Durante este Año Ignaciano, publicamos una serie de homilías que el P. General Kolvenbach pronunció en las fiestas de San Ignacio. En esta homilía, el P. Kolvenbach habla de la intimidad con Dios Padre.
Iglesia de San Ignacio, Roma, 31 de julio de 1999
Al celebrar esta tarde la fiesta de San Ignacio en la Iglesia dedicada a él, no podemos menos de caer en la cuenta de hallarnos casi en el umbral del año 2000. San Ignacio nos ha acompañado en el año de Cristo y de él hemos aprendido a seguir a Jesús en la cruz y en la gloria, siempre «todo entero mi Dios» (Diario espir., 27 febr. 1544). Además, San Ignacio nos ha ayudado a vivir el año del Espíritu, enseñándonos el discernimiento que pone de manifiesto en todo el mayor servicio al Señor y a su Iglesia. Hoy esperamos de San Ignacio una palabra que nos conduzca hacia El que es principio y fin de toda existencia humana, Dios, Padre de Jesús y Padre nuestro.
Al igual que a todo niño se le revela su padre no en los libros o estudios sino en la experiencia de su vida, San Ignacio aprendió en la experiencia que Dios era su Padre, que está en el cielo, y aprendió que «Dios es mi Señor» viviendo la vida de cada día.
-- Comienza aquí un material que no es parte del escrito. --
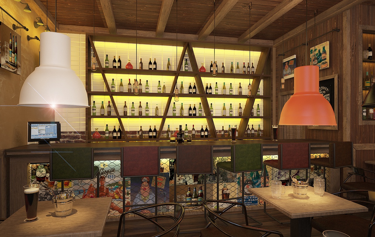 • Оформление пивного бара, разработка концепции, подбор мебели.
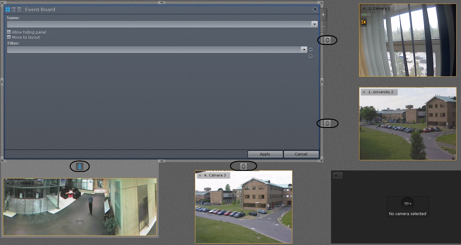 Links are set by placing items in neighboring cells. A single information board can be linked with multiple cameras. Boards cannot be linked with each other, nor can viewing tiles be linked with each other.
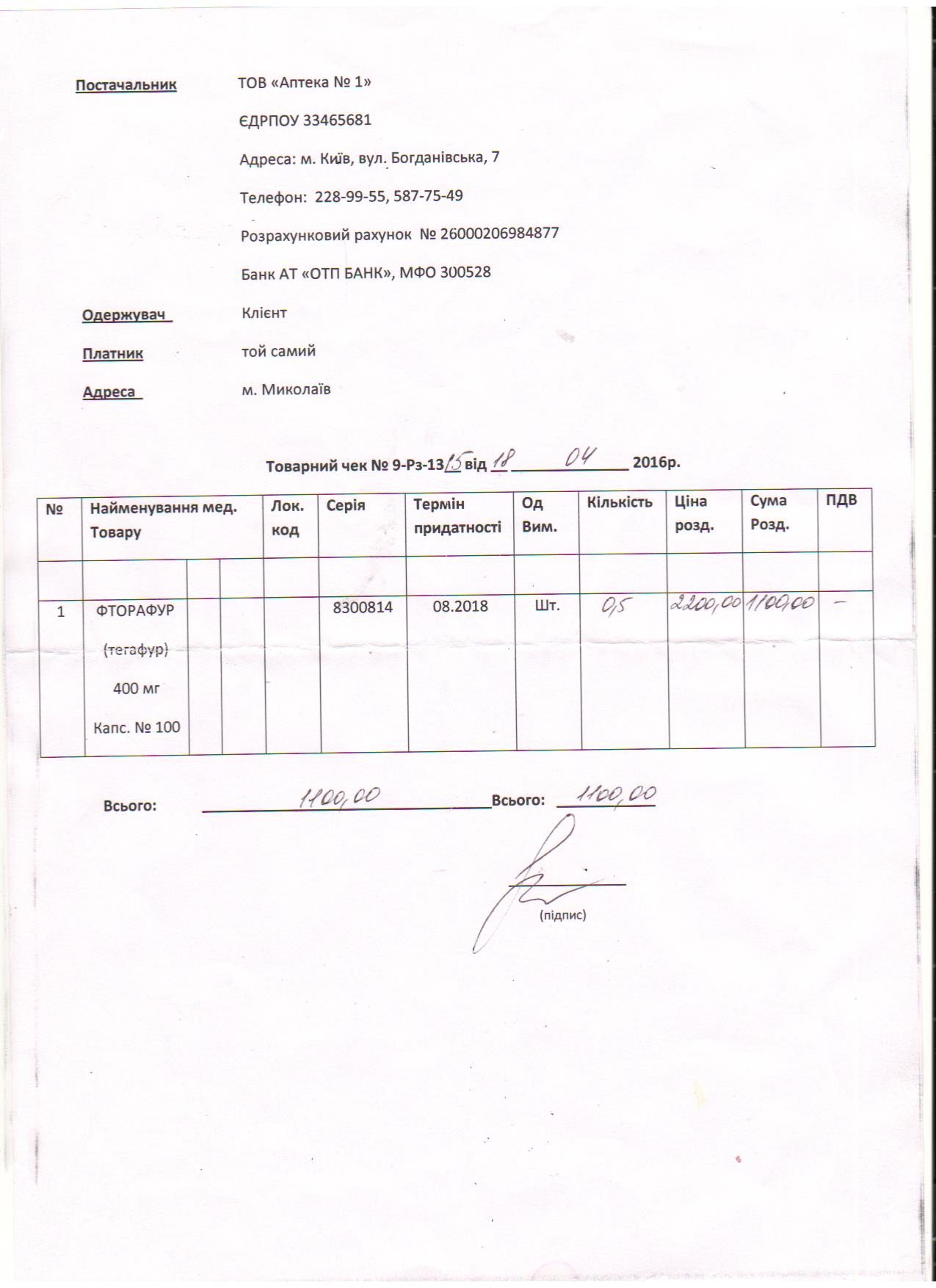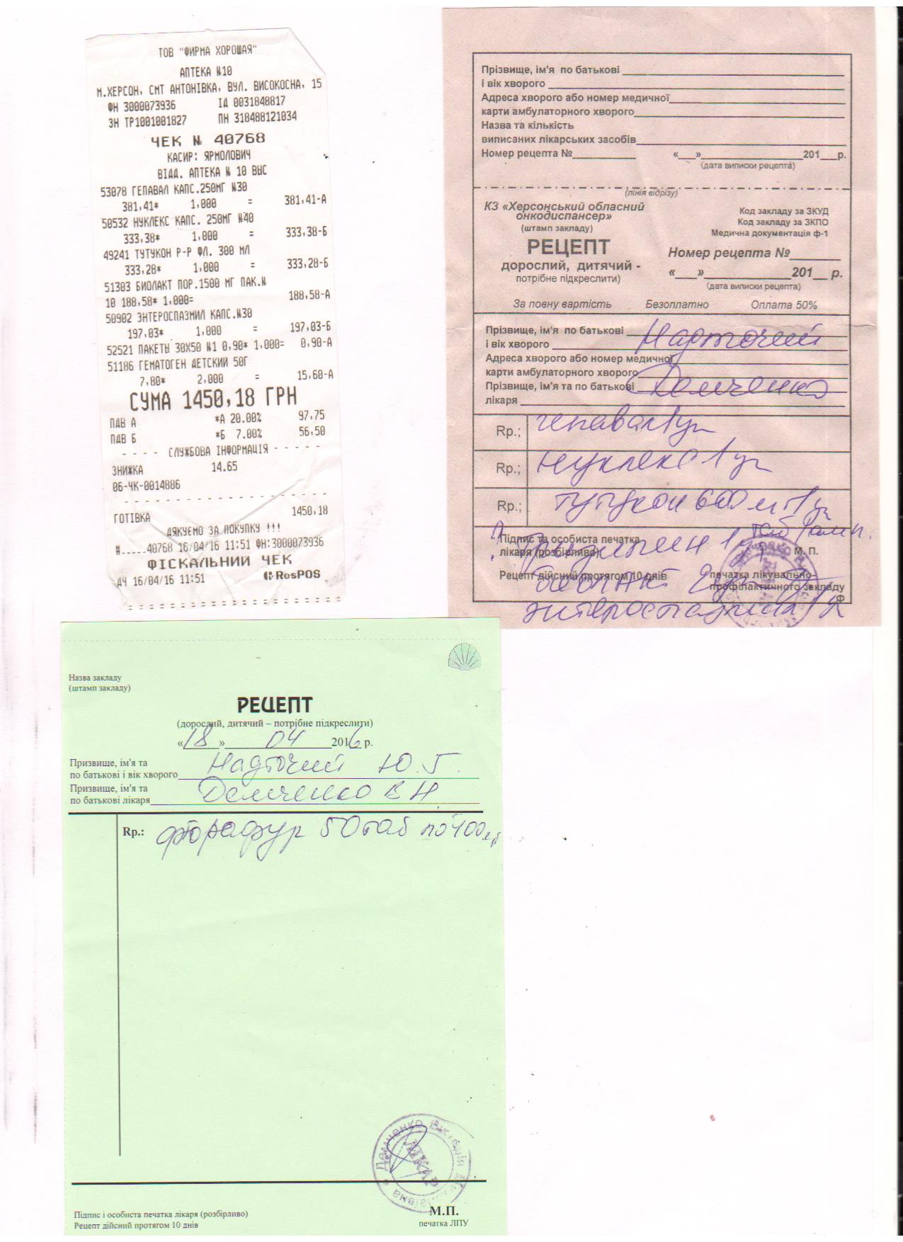 Сейчас мое здоровье ухудшилось - появились последствия пройденных «химий»: упал гемоглобин, ослаблен иммунитет, даже обычную простуду переношу очень тяжело, все болит. Но я стараюсь держаться и бороться за каждый день своей жизни. Об операций думать не приходится, сумма операции увеличилась до 50 000 гривен. Где я их возьму??? Думаю о том, чтобы хоть продлить свои дни проходя очередной курс « химии». Так с 07.04.2016 г. по 06.05.2016 г. проходил курс очередной химио-лучевой терапии. Потрачено было около 7 000 гривен, то есть все что собрал: моя пенсия, помощь небезразличных людей, плюс еще немного одолжил у соседей, не хватало нужной суммы для покупки таблеток(таблетки фторафур – стоимость 2200 грн., сканкопии рецептов прилагаю, это лишь малая часть потраченной суммы.).

Con ocasión de un luto o una enfermedad, de un nacimiento o una boda, como de cualquier otro hecho doloroso o gozoso, en sus cartas recuerda con frecuencia que se trata siempre de un don amoroso de Dios, de un gesto amable de nuestro Padre. Escribe: «Tenemos un Dios tan bueno, tan atento y amoroso con nosotros que sólo elige 10 que es mejor para nosotros».
Ignacio no era un soñador que no conoce la vida ni un ingenuo que no mira de frente a la realidad. Por experiencia sabía que el camino hacia Dios es áspero y duro, pero nunca absurdo o repugnante. Porque en todo está presente un Dios amoroso, y trabaja por nosotros, está siempre entre nosotros, llamando a cada uno por su nombre y cuidando a cada planta o animal en particular. El Padre respeta a toda criatura por pequeña que sea, y sin El ningún pajarillo cae por tierra; por eso dice Jesús: cada uno de vosotros todos valéis mucho más que una multitud de pájaros.
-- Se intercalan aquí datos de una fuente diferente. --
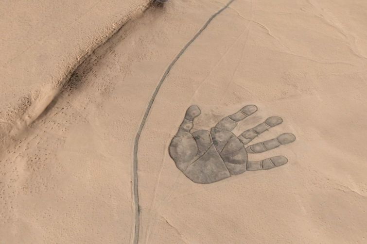 在内蒙古二连浩特的东北部,茫茫大草原上出现一个“如来神掌”,连手指节骨、掌纹都一清二楚。
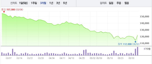 2일 종가인 16만7000원에서 시작한 주가는 장 초반 14만8000원까지 하락했다. 이후 오전 10시40분 16만500원까지 급격히 올랐다가 다시 15만원대 초반에서 오르내렸다.
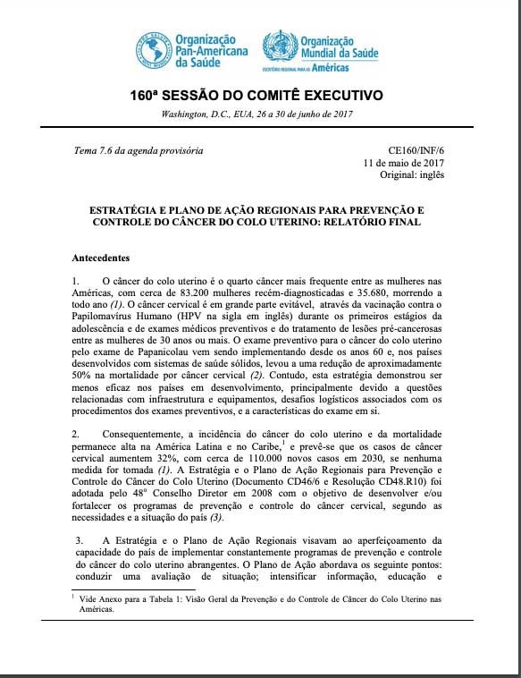 O câncer é a segunda maior causa de morte entre as pessoas adultas na Região das Américas. Nas mulheres, o câncer do colo do útero é a principal causa de morte por câncer em seis países e a segunda principal causa em outros 14 países. A cada ano, são diagnosticados 72.719 casos novos de câncer do colo do útero, e 36.797 mulheres da Região morrem devido a essa doença; uma proporção significativa (52%) das mortes ocorre durante os anos economicamente ativos das mulheres, antes dos 60 anos de idade.

En su familiaridad con Dios Padre, San Ignacio sabía por experiencia que era un pequeñísimo servidor en presencia de su Divina Majestad. Pero el Padre le hacía comprender cómo la omnipotencia divina que ha creado todo y sigue creándolo, no actúa para deslumbrar a las criaturas con brillantes acciones espectaculares ni menos aún para aplastarnos con su fuerza. Dios ha creado como Padre que engendra por amor, por deseo de cercanía amorosa, situándonos en el camino, confiando en nosotros, regocijándose cuando nos ve crecer en la intimidad con El hasta el día en que nos recibe en la casa del Padre. La omnipotencia de esta Majestad divina se pone de manifiesto en la bondad inefable de un Dios Padre que se inclina antes de todo sobre el porvenir de los pequeños y de los débiles y con insondable ternura sobre los hijos pródigos. La Virgen lo ensalza en su cántico: levanta a los humildes, colma de bienes a los hambrientos y su misericordia se extiende de generación en generación. Ante esta inagotable bondad del Padre, Ignacio se avergonzaba y muchas veces firmaba las cartas con esta confesión: Ignacio, pobre en bondad, pobre que reconoce que todo es don de Dios, que todo es gracia.
Para Ignacio, era expresión muy sobrecogedora de esta bondad del Padre el deseo de hablarnos. Incesantemente nos invita al coloquio, a entrar en diálogo con El que es el Señor, pero con Quien podemos hablar como un amigo habla a un amigo, gracias a su bondad. Si en distintas ocasiones y bajo formas diferentes nos habla Dios es porque nos ama, desea acercarse a nosotros considerándonos interlocutores válidos, como adultos libres y responsables. Al entrar en conversación con nosotros, de hecho nuestro Padre Dios se hace vulnerable: en su bondad divina ha querido correr el riesgo de que nosotros rechacemos este diálogo, que traicionemos su palabra. Nos ha amado tanto que nos ha entregado a su Hijo como palabra de vida; y este diálogo con nosotros ha estallado en la ruptura de la cruz. Y, a pesar de conocer el lenguaje de nuestra historia con sus tristes aventuras de mala voluntad e infidelidad, en su bondad Dios no ha ahorrado ningún riesgo y sigue hablándonos por medio de su Palabra viviente, un Verbo de carne y sangre.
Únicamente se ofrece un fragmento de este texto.